Sphingolipid metabolism has recently emerged as a key regulator of Mcl-1 [110, 111]. Inhibition of sphingosine kinase 1 (SPHK1) induced cell death in AML cell lines, reduced leukaemic burden in patient-derived xenografts of AML, and sensitised primary AML blasts and leukaemic stem/progenitor cells to chemotherapeutics and venetoclax [110, 111]. Mechanistically, SPHK1 inhibition caused accumulation of ceramide which binds and activates protein kinase R and elicits a non-canonical activation of the integrated stress response (ISR). This ceramide-induced ISR induces transcription of Noxa (PMAIP1), a key BH3-only protein that regulates Mcl-1, resulting in Noxa-dependant Mcl-1 degradation. Thus, SPHK1 inhibition, when combined with venetoclax reduces leukemic burden in patient-derived xenografts of AML disease burden in mice.

Conclusions

Venetoclax-based regimens for AML have been a landmark success in the management of this disease and significant effort is now focussed on developing new therapies that counteract resistance to venetoclax. While several resistance mechanisms exist, the increased dependency on Mcl-1 as a venetoclax resistance factor in AML has highlighted the need for developing drugs to target Mcl-1. Direct Mcl-1 inhibitors have not translated well in human trials, mainly due to their on-target toxicities which appear to severely limit their therapeutic usage. This is consistent with Mcl-1 knockout mice exhibiting lethal cardiac failure [92, 93]. However, mice heterozygous for Mcl-1 display no cardiac pathologies [112] suggesting the potential for inhibitor toxicities to be overcome by reduced dosing.

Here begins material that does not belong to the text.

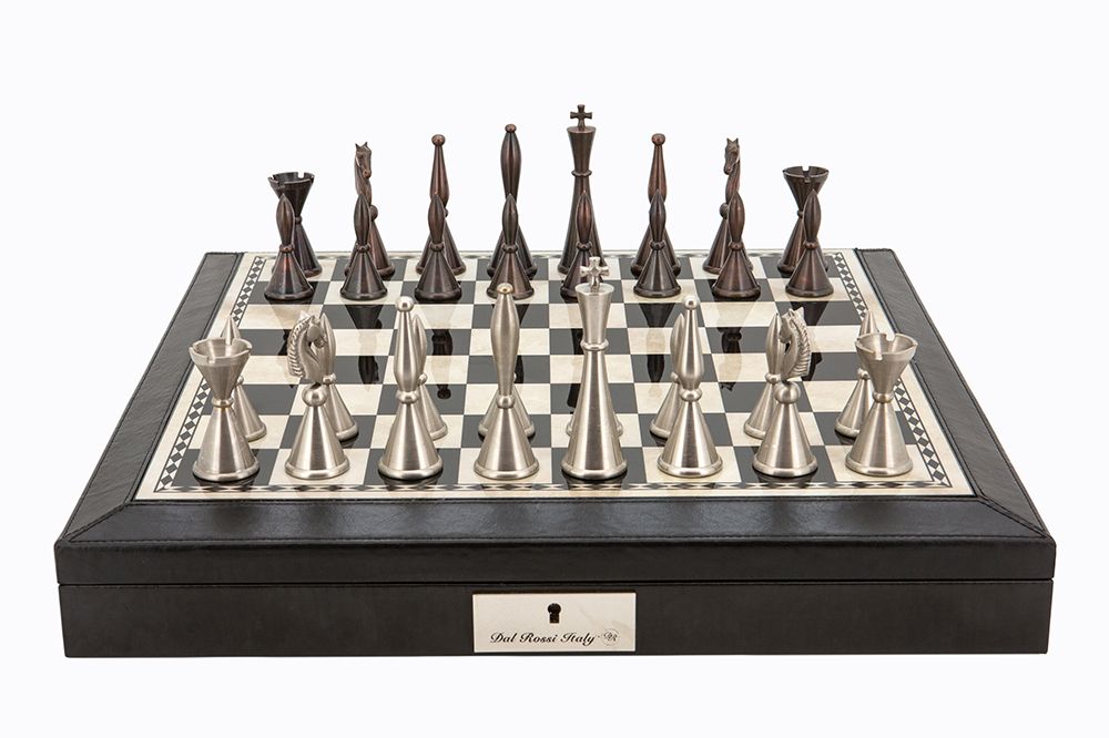 Dal Rossi Italy Brown PU Leather Bevelled Edge chess box with compartments 18″ with Staunton Metal Chessmen
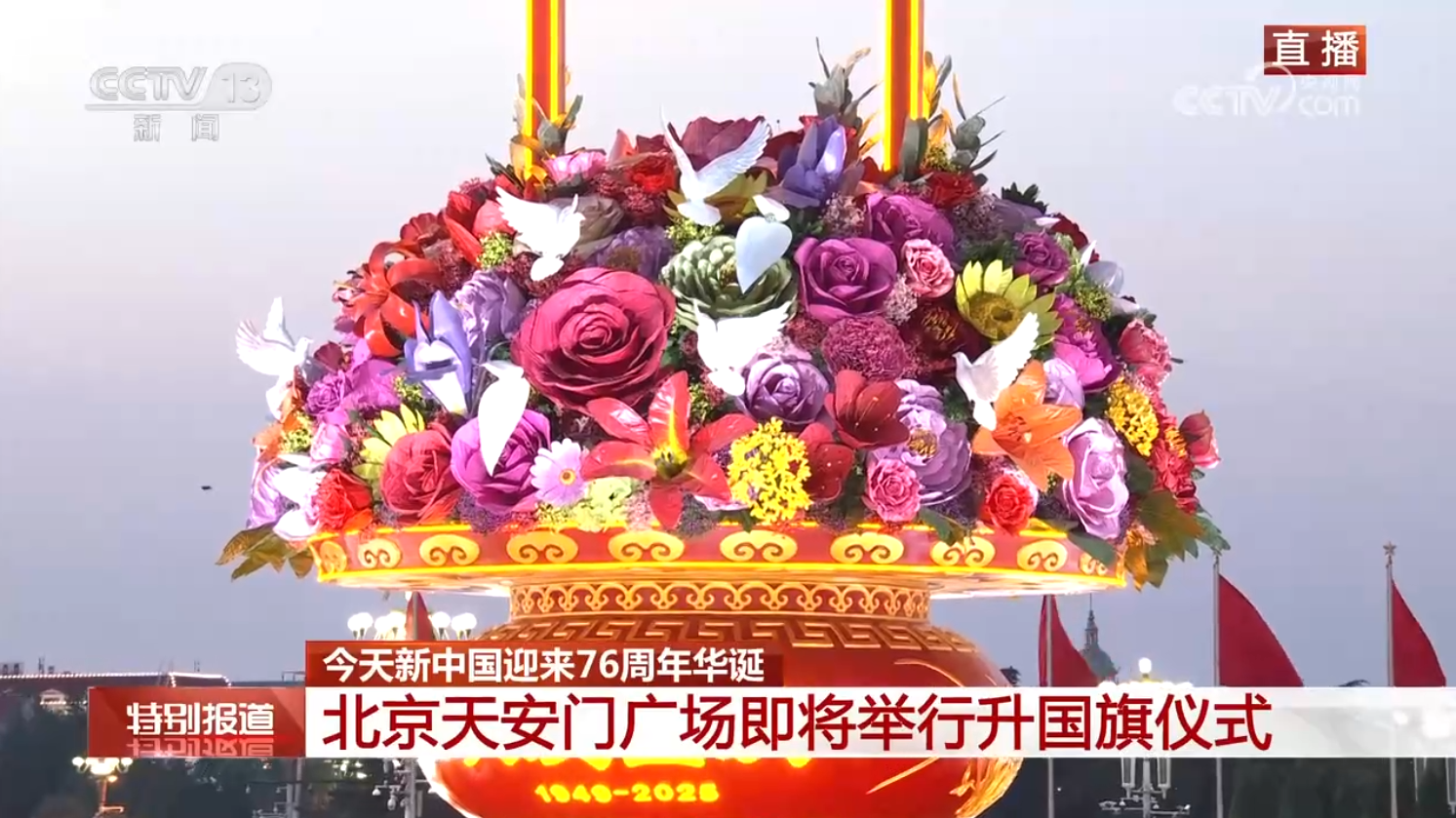 五一廣場(chǎng)上巨型花籃璀璨奪目,慶祝中華人民共和國(guó)成立76周年。江建橋 攝

Indirect Mcl-1 inhibitors are comparatively understudied but, with their apparent better tolerability, may hold the potential to effectively target Mcl-1 while sparing normal tissues and reducing overall toxicities. At present, it remains unclear why indirect Mcl-1 inhibitors appear better tolerated, while still retaining potent activity against AML. It is, however, likely that the impact of these indirect Mcl-1 inhibitors on other pathways plays a role in their anti-AML activity, in synergy with their targeting of Mcl-1. Indeed, inhibition of deubiquitinases, CDK9 or SPHK1 are known to have pro-apoptotic effects that are additional to blocking Mcl-1 [99, 113, 114]. This may allow for induction of AML cell death even with incomplete loss of Mcl-1 function, and thus, avoiding toxicities associated with this. This requires further investigation.

To date, the most advanced indirect Mcl-1 inhibitors have targeted CDK9, but it remains unclear if these drugs will be effective against venetoclax-resistant AML in the clinic. Therefore, to advance the development of indirect Mcl-1 inhibitors, new agents directed against novel cellular targets and pathways that regulate Mcl-1 are urgently needed.